This is Part 2 of a summary of business legislation introduced in 2019 but still awaiting action in 2020. Part I is posted here.
A dozen Ohio Chamber-backed bills have already passed one chamber and await final action in the other. Among these are bills to: protect consumers and businesses by prohibiting local governments from imposing a tax, fee or ban on disposable plastic bags and other containers; reduce from eight years to six the timeframe employers face liability for breach of a written contract; and increase penalties for those who physically damage or tamper with critical infrastructure projects, such as telecommunications networks, railroads, pipelines, electric generating facilities, and water sewer systems. Work on several of these 12 bills could be completed early in 2020.
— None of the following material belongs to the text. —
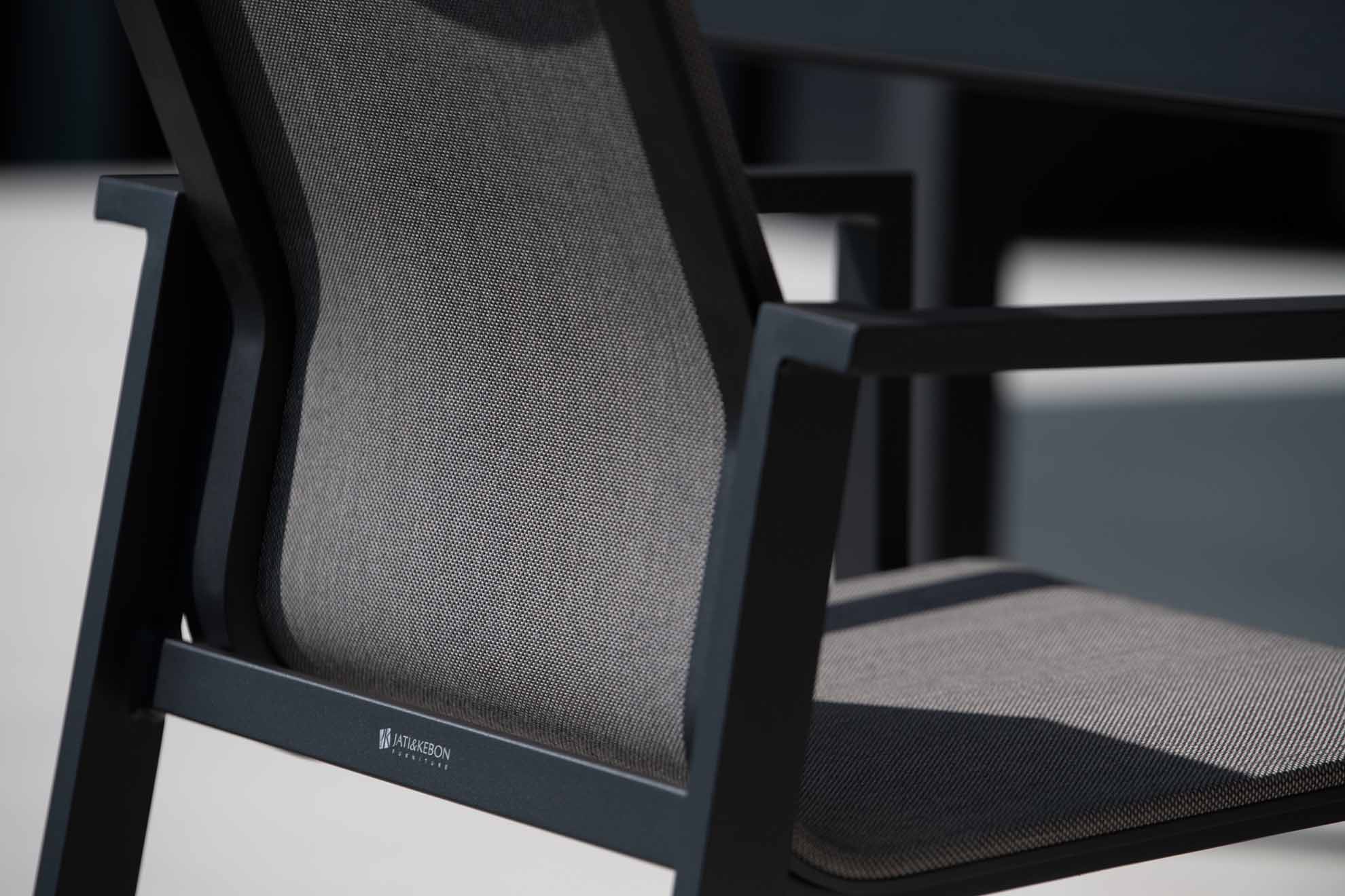 Der robuste Beja Gartensessel von Jati & Kebon besteht aus einem hochwertigen Aluminiumgestell mit Pulverbeschichtung und einer Bespannung aus Jatex-Gewebe. Die Armlehnen aus Teakholz sind ein visuelles sowie haptisches Highlight, das den eleganten Look des Stuhls noch abrundet. Armlehnen aus Holz sorgen nicht nur für ein angenehmes, natürliches Sitzgefühl sondern werden auch bei starker Sonneneinstrahlung nicht heiß. Für bequemes und entspanntes Sitzen sorgt auch die ergonomisch geformte und leicht geneigte Rückenlehne. Die Bespannung aus Jatex-Gewebe ist robust und langlebig und auch ohne Kissen sehr bequem. Der Beja Stapelsessel ist dank hochwertiger Materialien und penibler Verarbeitung absolut wetterfest und ganzjährig einsatzbereit. Bis zu sechs Beja Sessel können ineinander gestapelt werden.

Other key bills are still in their original chamber but also making progress. Most significant is HB 352, a longstanding Ohio Chamber policy objective that makes overdo and much-needed reforms to Ohio’s employment discrimination laws. HB 352 reforms our confusing and burdensome employment discrimination statutes so they better align with federal law and the laws of other states. Four attorneys that practice in this area and who are members of the Ohio Chamber’s Employment Law Committee testified in support of the bill in mid-November. Not a single organization or individual testified against it. This should mean HB 352 is ready for the House Civil Justice Committee to favorably report at its next hearing, likely in mid-January. Following that, it will await a vote by the full House.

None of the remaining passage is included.